Data extracted from a collection:
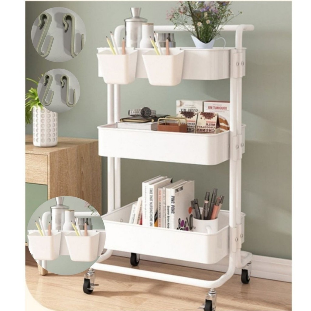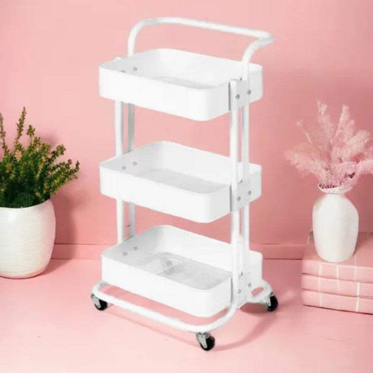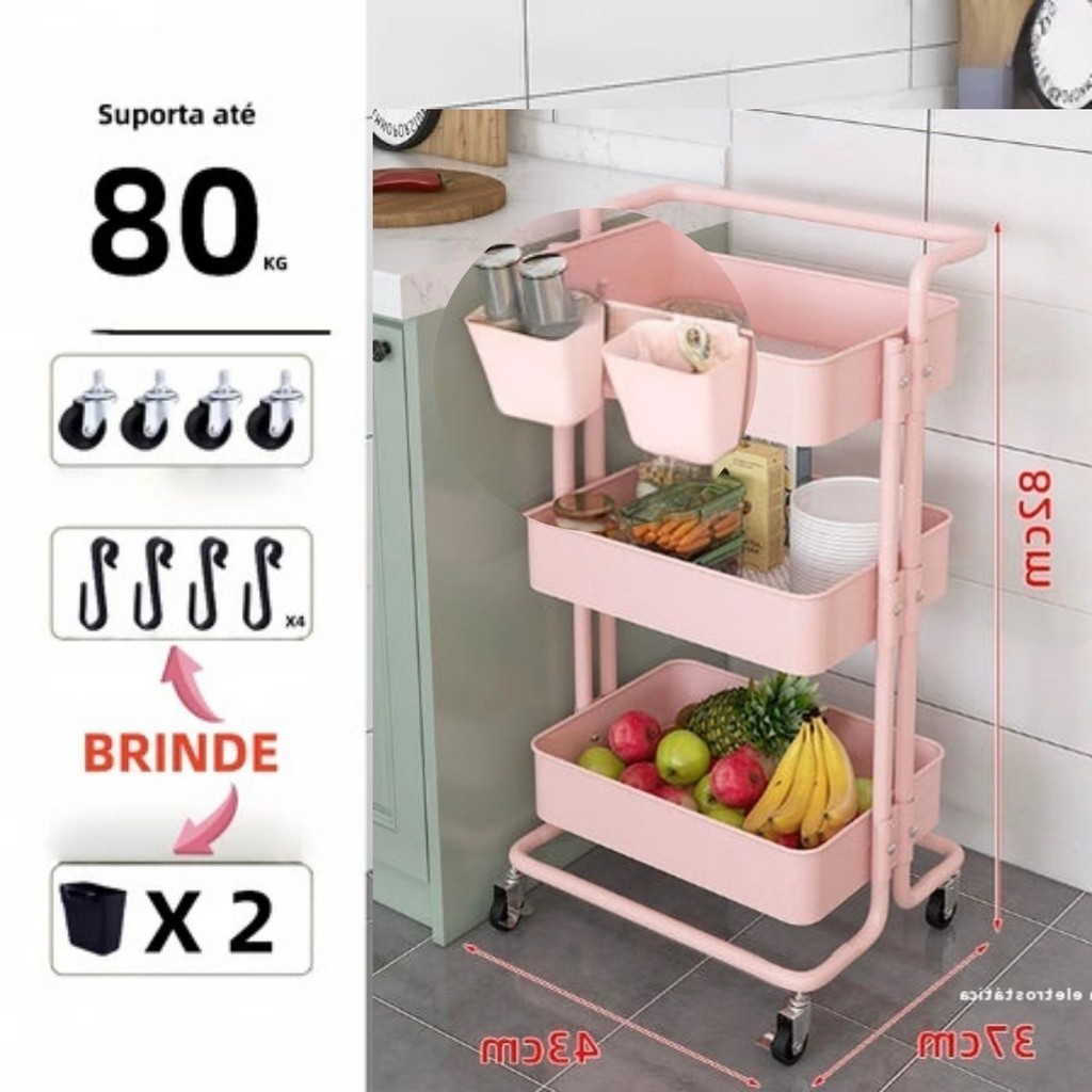 Carrinho Organizador Multiuso 3 Prateleiras e Alça Auxiliar Em Aço Com Rodinha Entrega rápida.
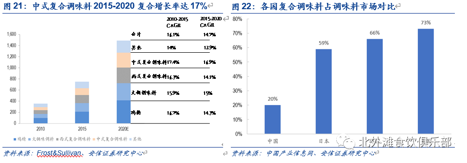 2)中式复合调味料:当前中国复合调味料市场渗入率较美日发财国度仍低,受益于家庭小型化、烹调门槛降低趋向和餐饮尺度化提拔,估计也能维持双位数增加。中国复合调味的市场规模从2013年的557亿元增加到2018年的1091亿元,复合增加率为14。4%,正在调味料市场中的占比从2015年的18。2%提拔到18年的20%,但取其他发财国度比拟仍有差距,日本、韩国和美国的复合调味料占比调味料接近六成及以上。按照沙利文数据,2020年中国复合调味料市场估计达到1488亿元的规模,沙利文将复合调味料具体细分为五个品类:鸡精、暖锅调味料、中式复合调味料、西式复合调味料及其他。公司已结构的两类复合调味料,即暖锅调料和中式复合调料,正在2018年平分别占复合调味料规模的21%和17%。
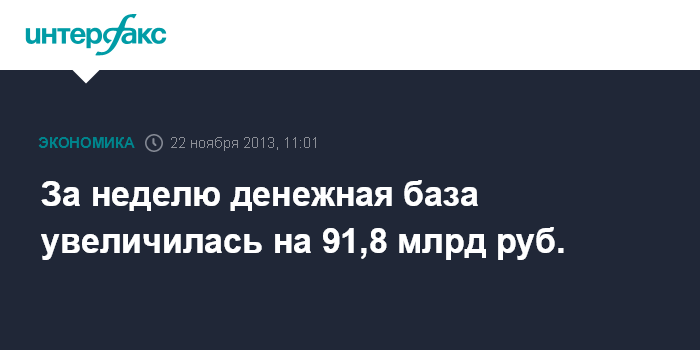 За неделю денежная база увеличилась на 91,8 млрд руб.
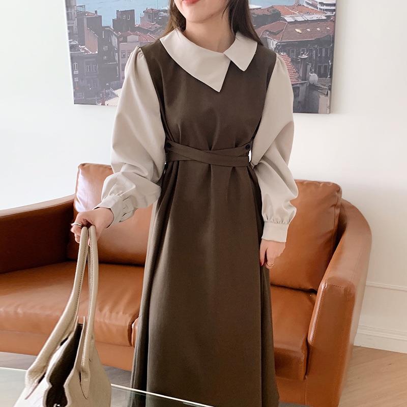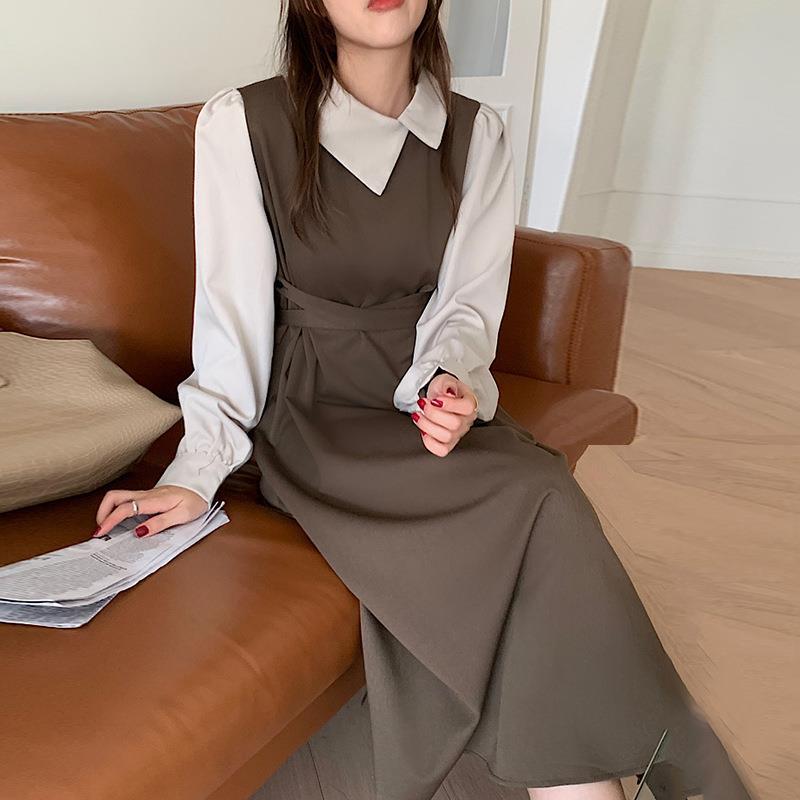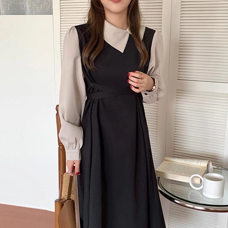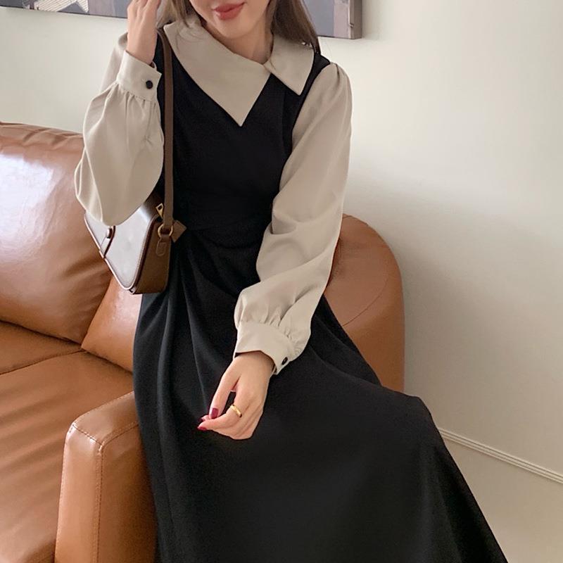 韓国chicフレンチレトロ 開襟 ドレス ワンピース 上品 通勤 OL レディース フレンチ ワンピース 体型カバー 長袖ロング マキシ丈ワンピ
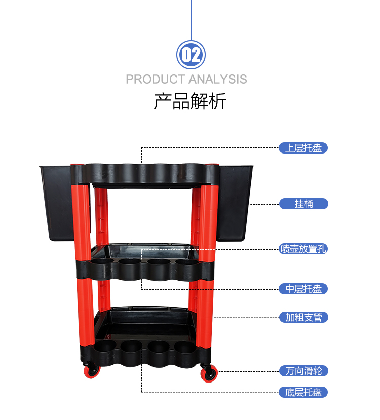 Washing Shop Car Beauty Tool Car Special Multifunction Plastic Triple Layer Mobile Containing Small Trolley Rack

**REQUIRED ACTION:** Repeat the exact lines from the first line of the data through the line containing "韓国chicフレンチレトロ 開襟 ドレス". Nothing else, no pictures.

**REPLY:**
 Carrinho Organizador Multiuso 3 Prateleiras e Alça Auxiliar Em Aço Com Rodinha Entrega rápida.
 2)中式复合调味料:当前中国复合调味料市场渗入率较美日发财国度仍低,受益于家庭小型化、烹调门槛降低趋向和餐饮尺度化提拔,估计也能维持双位数增加。中国复合调味的市场规模从2013年的557亿元增加到2018年的1091亿元,复合增加率为14。4%,正在调味料市场中的占比从2015年的18。2%提拔到18年的20%,但取其他发财国度比拟仍有差距,日本、韩国和美国的复合调味料占比调味料接近六成及以上。按照沙利文数据,2020年中国复合调味料市场估计达到1488亿元的规模,沙利文将复合调味料具体细分为五个品类:鸡精、暖锅调味料、中式复合调味料、西式复合调味料及其他。公司已结构的两类复合调味料,即暖锅调料和中式复合调料,正在2018年平分别占复合调味料规模的21%和17%。
 За неделю денежная база увеличилась на 91,8 млрд руб.
 韓国chicフレンチレトロ 開襟 ドレス ワンピース 上品 通勤 OL レディース フレンチ ワンピース 体型カバー 長袖ロング マキシ丈ワンピ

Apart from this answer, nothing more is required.